30 March 2010

The Return of the King

It's not a bad time to be a sixteenth century geek, what with exhibitions at the British Library, Philippa Gregory's constant onslaught of frolickful historical fiction and even Booker Prize-winning literacha set during the Tudors' rule. Of course, what I look forward to most at this time of the year is the start of the new season of The Tudors, which is definitely one of the most amusing shows on TV, although not usually intentionally. With its attractive cast, ludicrous accents and only cursory attention to actual historical events, if I weren't a geek for all things Tudor, I would probably hate it but somehow, the series is compulsive and has made it through to a fourth season (and fifth wife).

Maybe things will be different this year. I mean, they could read the Wikipedia entry for the Tudors (no, not this one that comes up when you search Wikipedia for the Tudors; this one would be a good start, although as I suspect the dynasty will end up dying out with Henry VIII, perhaps his Wikipedia entry would be more useful) and consider some of the events that actually happened in the 1540s. I suspect they may just read the IMDb forums for The Other Boleyn Girl when carrying out research.

I'm not overly confident though. After all, the sixteenth century wasn't really dramatic enough for a weekly TV series for a modern audience, so if they stuck to what really happened, it would be way boring. I mean, all of those affairs and beheadings...dull... (to be fair, those bits were usually pretty accurate apart from when characters were invented, disappeared or merged). On the Showtime website, they are running a helpful set of FAQs. "So, like, who is Henry 8?" is the first question. I'm sorry but that just looks wrong. I realise that not everyone is as proficient with Roman numerals as I am, but if "VIII" is really out, can't they at least write, "Henry the Eighth?" (yes, eighth is a tough word to spell, I know). The answer to the question is thus:
Unexpectedly propelled to the throne of England at an early age, the once young prince soon laid the foundations for one of the most spectacular reigns in English history. Now in his late forties, with an ailing body and increasing sense of paranoia, the king is more obsessed than ever with his quest for an heir. It's all been leading up to this, as the scandalous reign of King Henry comes to an epic finale, and he will stop at nothing to secure his place in history.
Doesn't Jonathan Rhys-Meyers immediately conjure up images of a man in his late forties with an ailing body? So far in the series, he is supposed to have gone from age 20-ish to 50-ish but naturally, appears only to have aged about three years; he must be using Crème de la Mer. Oddly, he doesn't yet seemed to have mastered an English accent, either; you'd expect more from the King of England (and assorted bits of France). At least they didn't use David Starkey's ubiquitous gobbet, "Henry went from spare...to heir," I suppose.
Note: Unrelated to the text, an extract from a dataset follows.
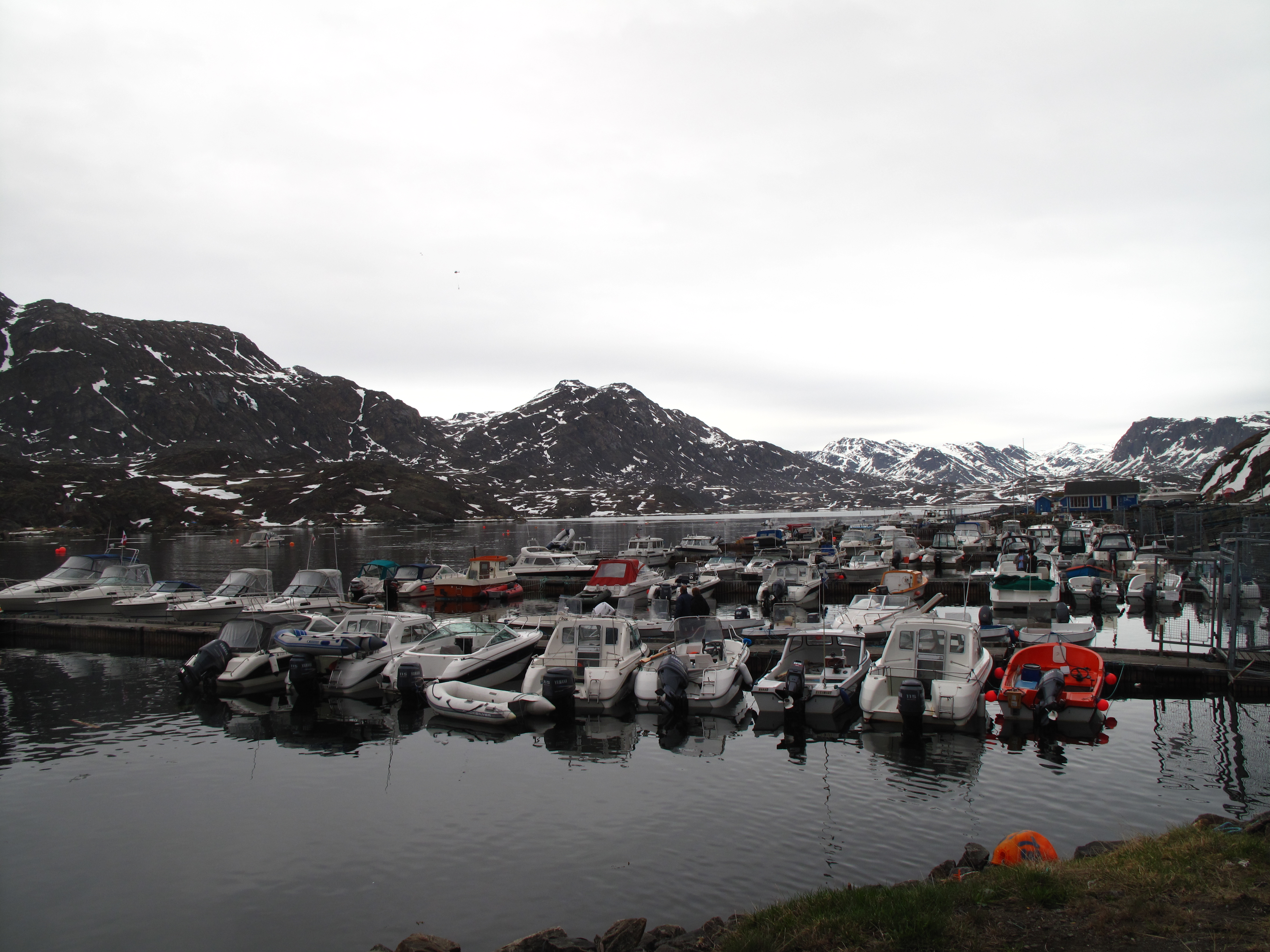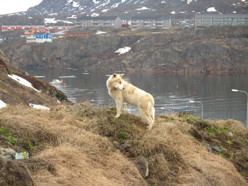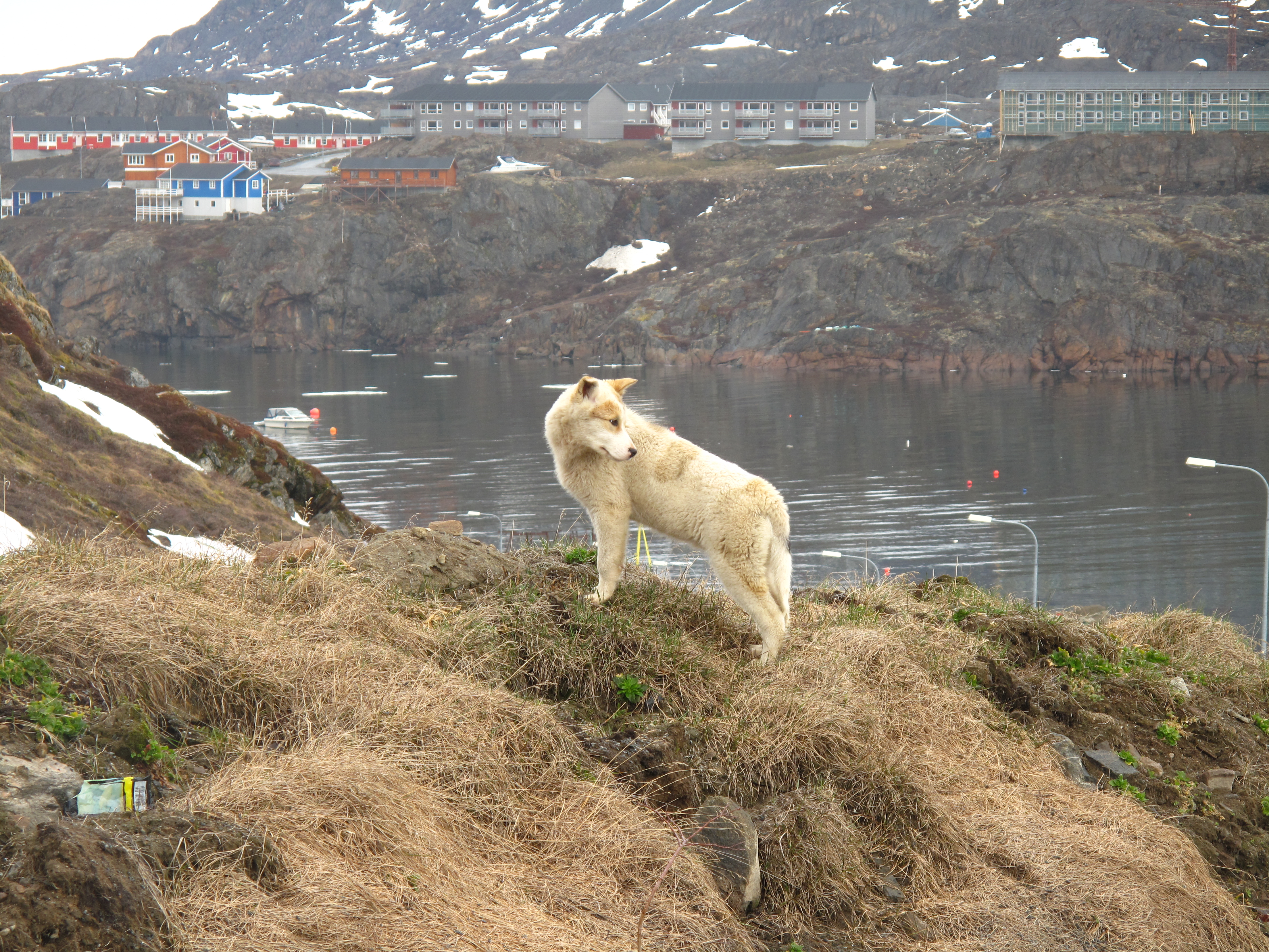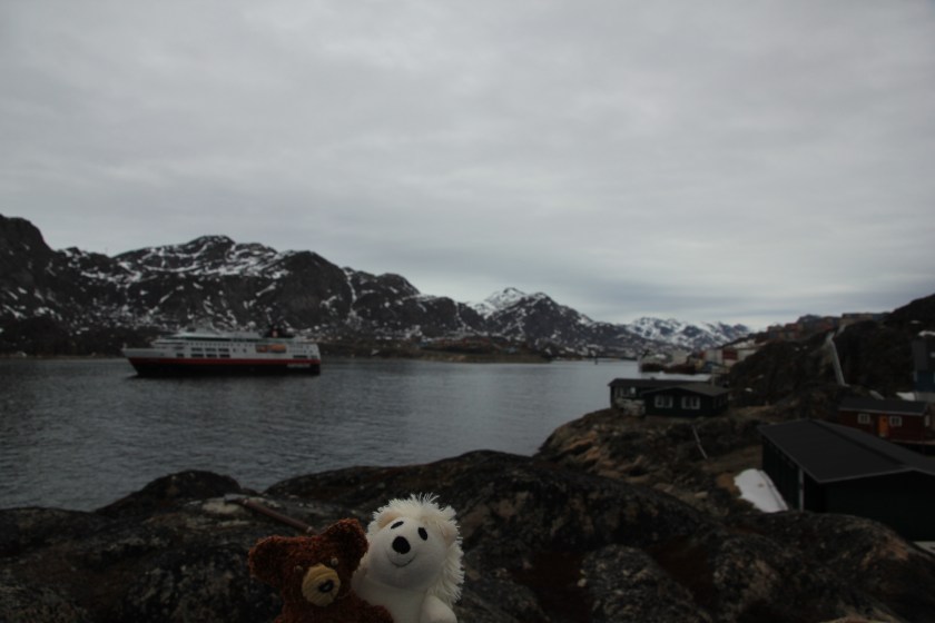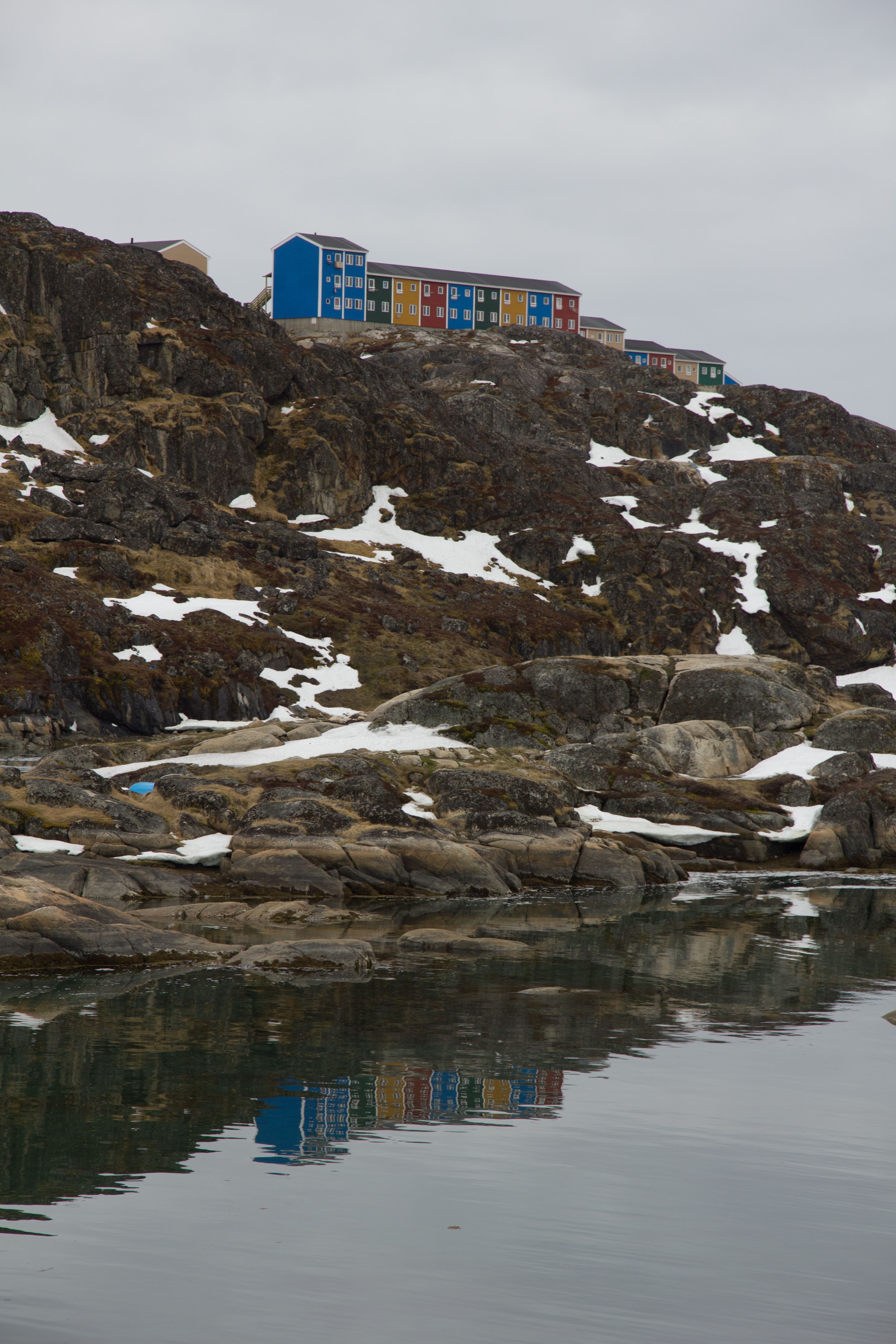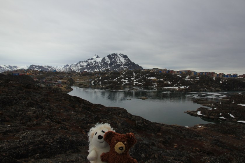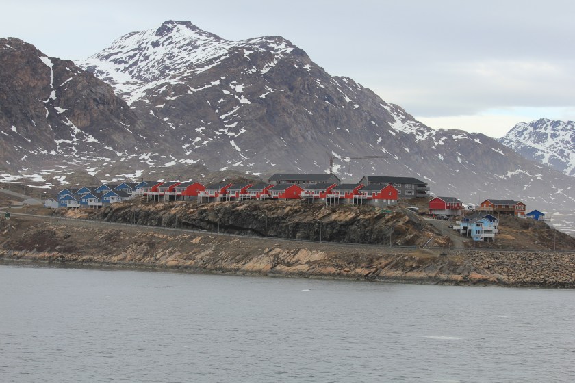 Im Hintergrund sieht man den Hausberg Nasaasaaq, der 784 Meter hoch ist und der Form nach einer Kapuze eines Frauenanoraks gleicht. Die Inuit haben früher ihre Kinder auf den Schulter mit unter der Kapuze getragen :-).

Henry's last two queens, Catherine Howard and Catherine Parr, are traditionally portrayed as polar opposites. Catherine Howard (Catherine II?) is the slutty, young thing that Henry hopes will revitalise his "quest for an heir" (if that's the euphemism he wants to use) but who can't keep her legs together or her indiscretions to herself. Catherine III, meanwhile, is older than her predecessor and already twice widowed (one of the main problems with Catherine II was that Henry later discovered that she wasn't a virgin when they hooked up, which hurt his pride to say the least and led to her tumbling rapidly from her pedestal; at least a widow wasn't expected to be pure). An intelligent intellectual who nurses Henry tenderly through his dying years, while, on the side, pushing her own radical, Protestant agenda and grooming Henry's daughter Elizabeth to follow in her footstep (in terms of religion, that is). Of course, the devoted nursemaid ended up finally marrying the man she really loved, Thomas Seymour, scandalously soon after Henry's death. Not that that ended happily either: Seymour spent months romping and frolicking with the 14-year-old Princess Elizabeth and Catherine died of puerperal fever a few days after giving birth to a girl who never survived infancy.

The moral of the story is that you shouldn't be called Catherine. Or Thomas. And you definitely shouldn't marry Henry 8 VIII. Well, maybe the TV show will have a different moral. I guess I'll have to tune in to find out.